Authors: Deborah Morris, Elanor Lucy Webb, Emily Fox, Jessica Holmes, Katharine Reynolds, Michele Head, St Andrew’s Healthcare, UK; Amy Lunn, St Andrew’s Healthcare and Oxford Health NHS Trust, UK; Rachel Canterbury, Peter McAllister, Karolos Dionelis and Sanjith Kamath, St Andrew’s Healthcare, UK.



In response to differential clinical presentations of survivors of multiple or chronic exposure to trauma, complex post-traumatic stress disorder (CPTSD) has been included in the 11th revision of the International Classification of Diseases (ICD-11). A growing body of research has explored the prevalence of CPTSD in a range of populations, yet its prevalence in adults diagnosed with Emotionally Unstable Personality Disorder (EUPD) has been subject to limited evaluation, including in individuals requiring specialist inpatient care. The International Trauma Questionnaire (ITQ) was administered to 42 females with primary diagnoses of EUPD admitted to a specialist DBT service. Twenty-eight (66.8%) participants met full diagnostic criteria for either PTSD (11.9%, n=5) or CPTSD (54.8%, n=23).
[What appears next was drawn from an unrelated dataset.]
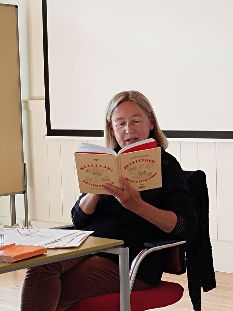 Jekatherina (Katja) Lebedewa, Universität Heidelberg, Professorin für Übersetzung Russisch, erzählte von ihrer Begeisterung für literarisches Übersetzen. Sie konnte als Studentin in der DDR Bulat Okudžava kennen lernen und verfasste ihre Dissertation zum Thema „Komm Gitarre, mach mich frei. Russische Gitarrenlyrikin der Opposition. 22 hist.OA von 1916 bis 1988“ (Berlin 1992). Ihre Mutter war 1934 in der UdSSR geboren worden, nachdem ihre Eltern vor dem Nationalsozialismus 1934 emigriert waren. Ihr Großvater, der in Wien Medizin studiert hatte und in Moskau als Chirurg arbeitete, wurde 1941 vom NKWD (Vorläufer des KGB) erschossen, weil er in der Bibliothek mit verschiedenen Menschen in mehreren Sprachen gesprochen hatte. Lebedewas Vater war Leningrader.

Additionally, PTSD and CPTSD symptomatology were highly prevalent in participants who did not meet the functional impairment criteria. Significant differences in the prevalence of CPTSD were found, dependent on whether a measure of functional impairment was included. This is the first study to explore the prevalence of CPTSD in an inpatient EUPD sample, using diagnostic thresholds. The findings highlight the importance of attending to trauma as well as EUPD-related needs. Theoretical, clinical and future research implications are discussed.

Keywords: Emotionally-Unstable-Personality-Disorder; Posttraumatic-Stress-Disorder; Complex Post-Traumatic-Stress-Disorder; ITQ; Dialectical-Behaviour-Therapy; Inpatient.